PROBLEM TO SOLVE | Please repeat exactly the lines from the one containing "Total number of" through the last line of the records, both included, and nothing else, leaving out any pictures.

DATA SUPPLIED |
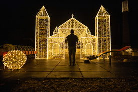 Látogató a pécsi Zsolnay Kulturális Negyed fényparkjában 2025. október 24-én.
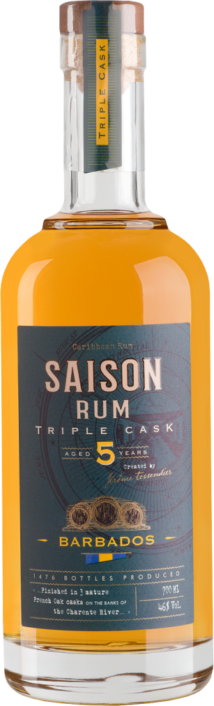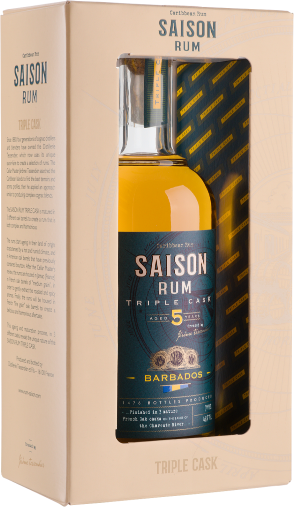 Для рома Saison, Triple Cask, Barbados, 5 Year Old - Жером Тессендье отбирает лучшие дистилляты на основе сахарного тростника из Барбадоса. Изначально спирты выдерживаются минимум три года в бочках из-под бурбона на Барбадосе. Затем различные партии выдержанного рома приезжают во Францию, в провинцию Коньяк, где купажируются и дополнительно выдерживаются 24 месяца сначала в бочках из французского дуба «средней зернистости» для извлечения слегка обжаренных и пряных ароматов, а после в бочках из «мелкозернистого» дуба, чтобы создать изысканное и гармоничное послевкусие. По окончании выдержки добавляется дистиллированная вода для снижения спиртуозности до 46%. Колоранты не применяются.
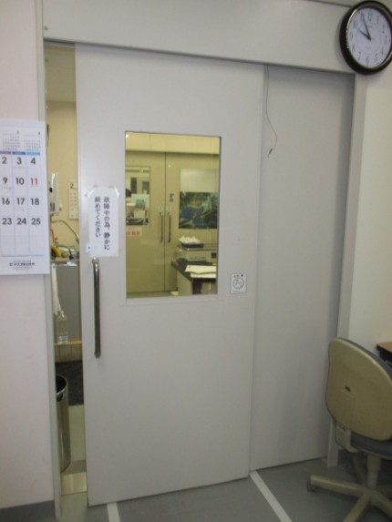 ご依頼のあった引戸は、学校や病院などでよく見かける、スチール製の出入り口引戸でした。
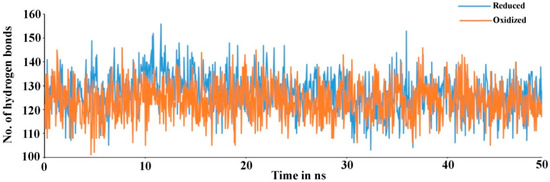 Total number of hydrogen bond found in reduced (blue) and hyperoxidized (orange) Prdx6 during the simulation period.
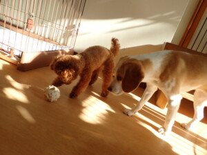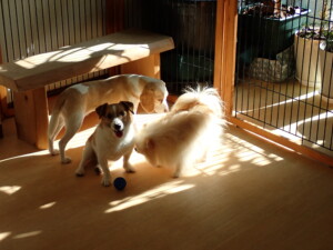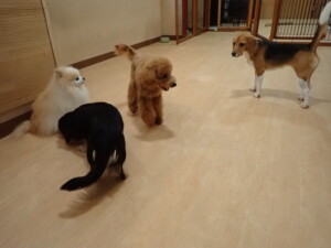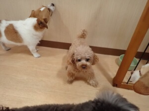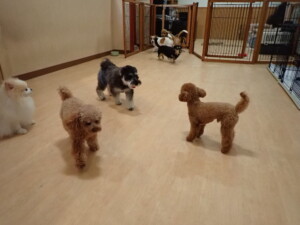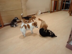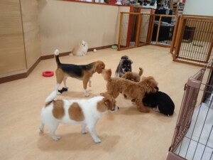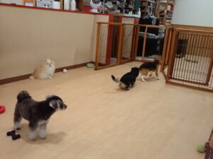 グーちゃん、はな子ちゃん、まる君、たっくす君、メリィちゃん、寛大君、ももちゃん、元気に遊んでいました。チャロちゃん、落ち着いて過ごしていました。
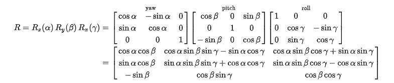 Here, the rotation matrix not using the same values throughout each axis of rotation. It would update the Xposition when doing the roll axis, then use that position when calculating the roll rotation for the Y position. Not ideal. This would probably be better to use the fancier equation to do it all in one go.
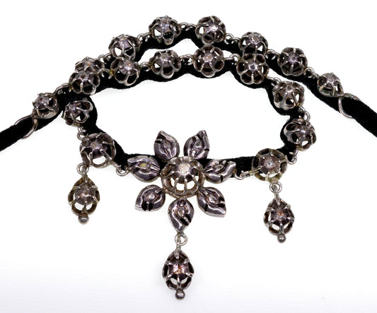 Reserved for S.C. Antique Georgian Diamond Sterling Ribbon Necklace Choker C.1760
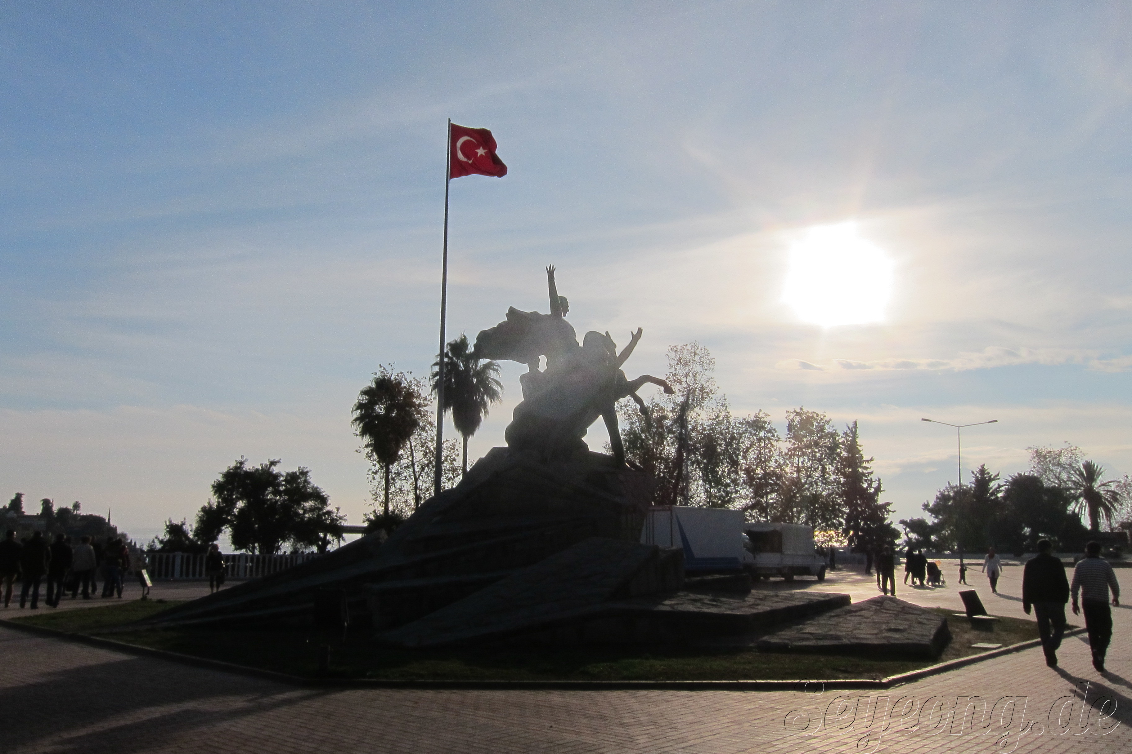 터키 깃발이 날리고, 예전에 번성했던 터키를 알려주려고 하는 듯 동상이 서있다.
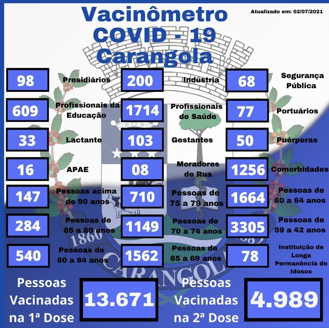 VACINÔMETRO MOSTRA QUE MAIS DE 40% DA POPULAÇÃO DE CARANGOLA JÁ VACINOU CONTRA A COVID-19 PELO MENOS COM A 1ª DOSE
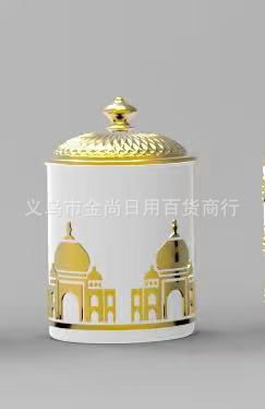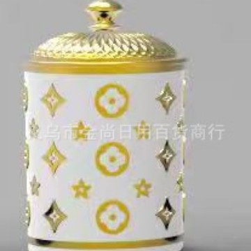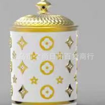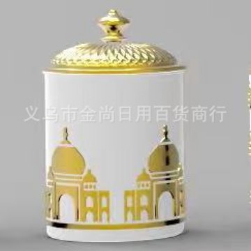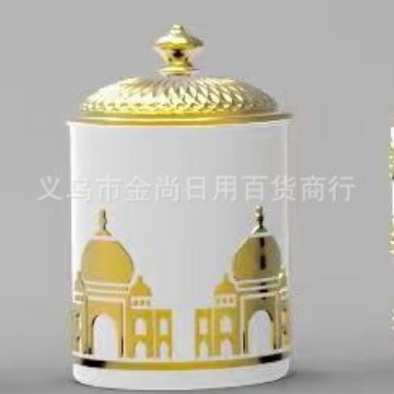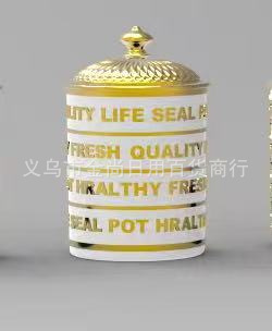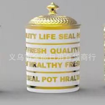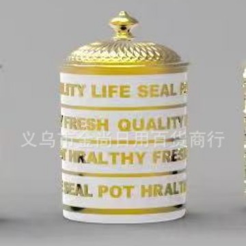 创意奶白烫金金色城堡复古花字母花三件套储物罐家用厨房密封罐
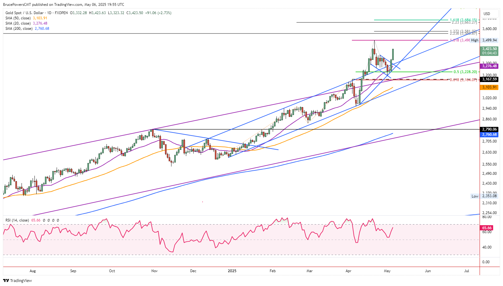 继4月7日触及2956美元的波动低点后,金价出现了相对大幅上涨。随后,金价在10天内上涨了557美元,涨幅达19%。尽管在牛市旗形触发后,金价可能无法再出现类似的涨幅,但这确实表明,随着回调盘整阶段的结束,金价有可能大幅上涨。这使得突破3500美元关口的风险很高。
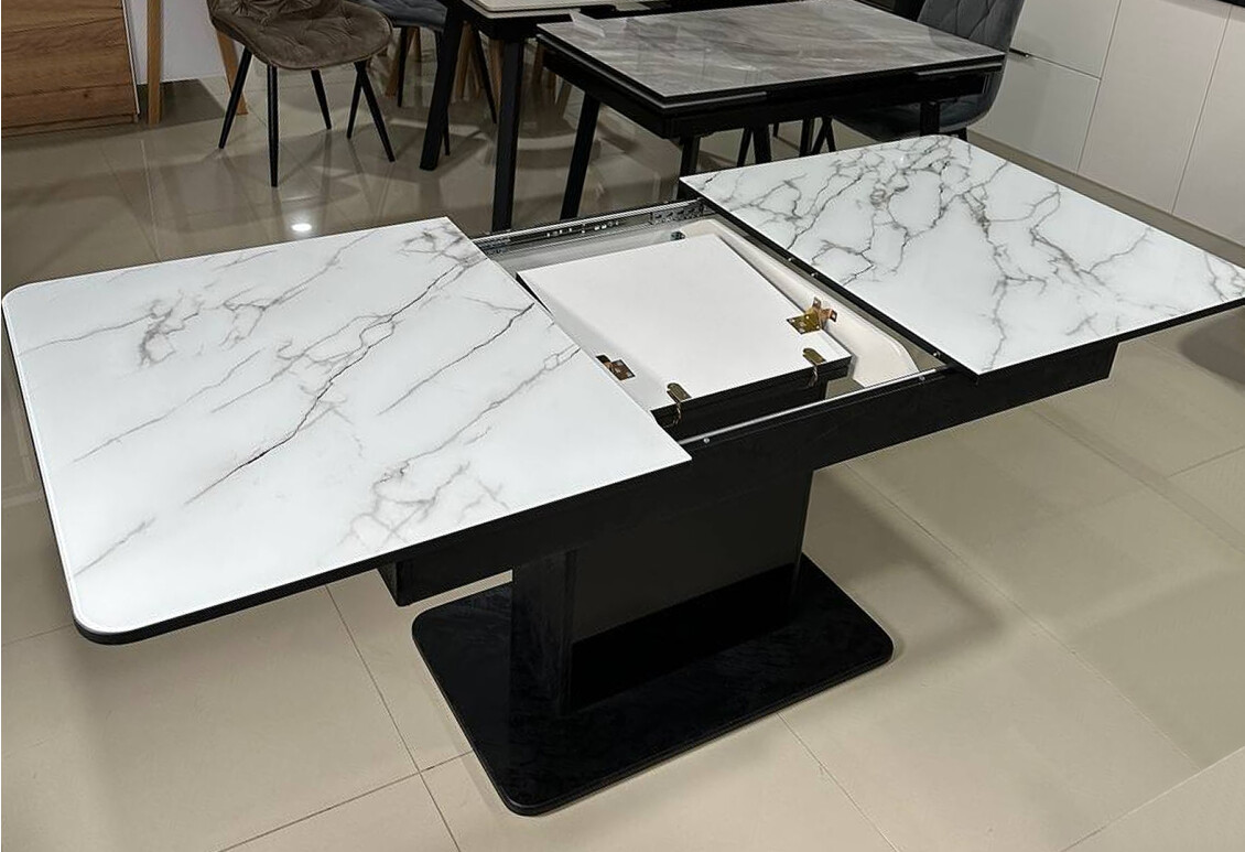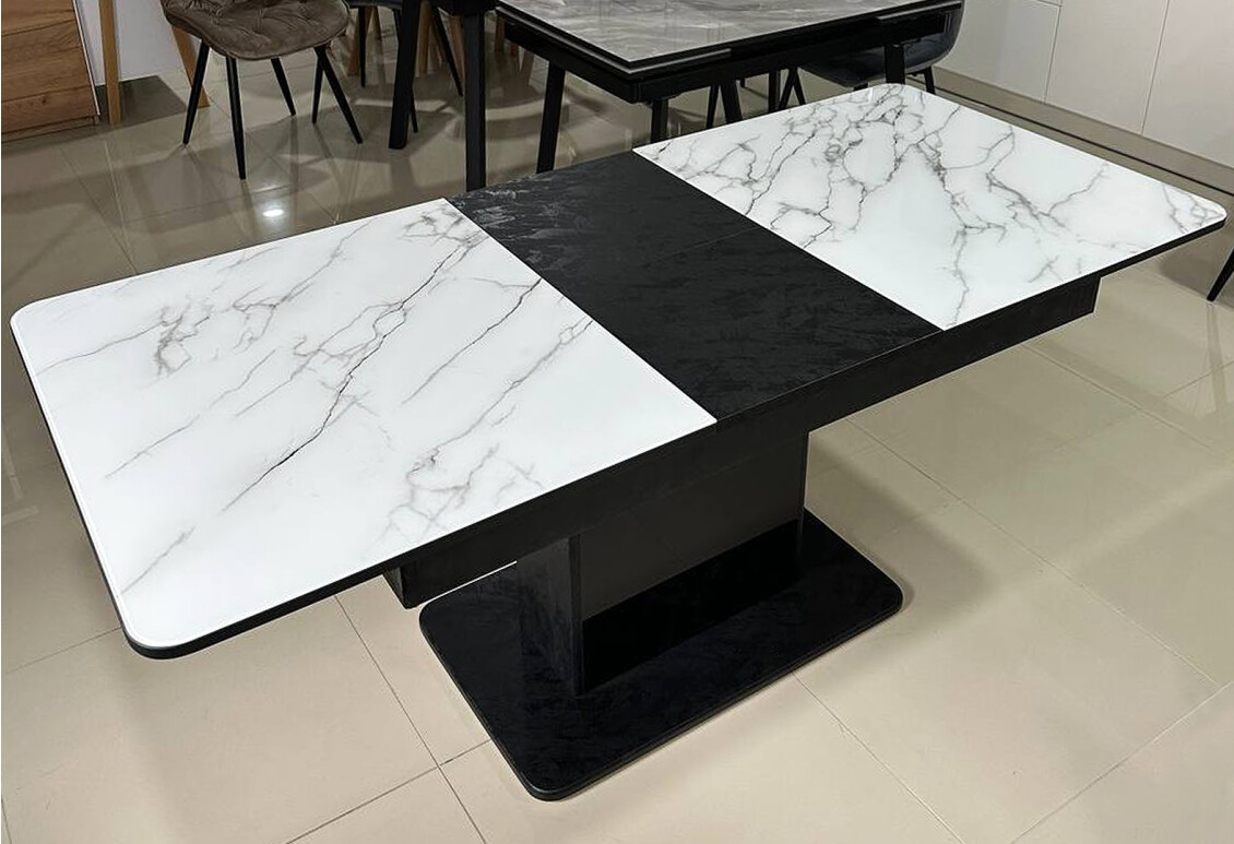 Кухонный стол Jam Бостон Т раскладной – это идеальное решение для тех, кто ценит функциональность и стиль в интерьере. Этот стол, выполненный в современном дизайне, легко впишется в любой кухонный ансамбль. С его помощью вы сможете организовать пространство для приема гостей или семейных ужинов, а благодаря раскладному механизму, он станет еще более универсальным. В разложенном виде его размеры составляют 180х80 см, что позволяет разместить за ним большее количество человек. Стол выполнен из качественных материалов: ДСП и МДФ, а его стильный цвет бетон черный в сочетании с бриллиантом придаст вашему интерьеру изысканность и современность. Выбирая этот стол, вы получаете не только надежную и практичную мебель, но и стильный акцент для вашей кухни.

REPLY TO THE TASK |
 Total number of hydrogen bond found in reduced (blue) and hyperoxidized (orange) Prdx6 during the simulation period.
 グーちゃん、はな子ちゃん、まる君、たっくす君、メリィちゃん、寛大君、ももちゃん、元気に遊んでいました。チャロちゃん、落ち着いて過ごしていました。
 Here, the rotation matrix not using the same values throughout each axis of rotation. It would update the Xposition when doing the roll axis, then use that position when calculating the roll rotation for the Y position. Not ideal. This would probably be better to use the fancier equation to do it all in one go.
 Reserved for S.C. Antique Georgian Diamond Sterling Ribbon Necklace Choker C.1760
 터키 깃발이 날리고, 예전에 번성했던 터키를 알려주려고 하는 듯 동상이 서있다.
 VACINÔMETRO MOSTRA QUE MAIS DE 40% DA POPULAÇÃO DE CARANGOLA JÁ VACINOU CONTRA A COVID-19 PELO MENOS COM A 1ª DOSE
 创意奶白烫金金色城堡复古花字母花三件套储物罐家用厨房密封罐
 继4月7日触及2956美元的波动低点后,金价出现了相对大幅上涨。随后,金价在10天内上涨了557美元,涨幅达19%。尽管在牛市旗形触发后,金价可能无法再出现类似的涨幅,但这确实表明,随着回调盘整阶段的结束,金价有可能大幅上涨。这使得突破3500美元关口的风险很高。
 Кухонный стол Jam Бостон Т раскладной – это идеальное решение для тех, кто ценит функциональность и стиль в интерьере. Этот стол, выполненный в современном дизайне, легко впишется в любой кухонный ансамбль. С его помощью вы сможете организовать пространство для приема гостей или семейных ужинов, а благодаря раскладному механизму, он станет еще более универсальным. В разложенном виде его размеры составляют 180х80 см, что позволяет разместить за ним большее количество человек. Стол выполнен из качественных материалов: ДСП и МДФ, а его стильный цвет бетон черный в сочетании с бриллиантом придаст вашему интерьеру изысканность и современность. Выбирая этот стол, вы получаете не только надежную и практичную мебель, но и стильный акцент для вашей кухни.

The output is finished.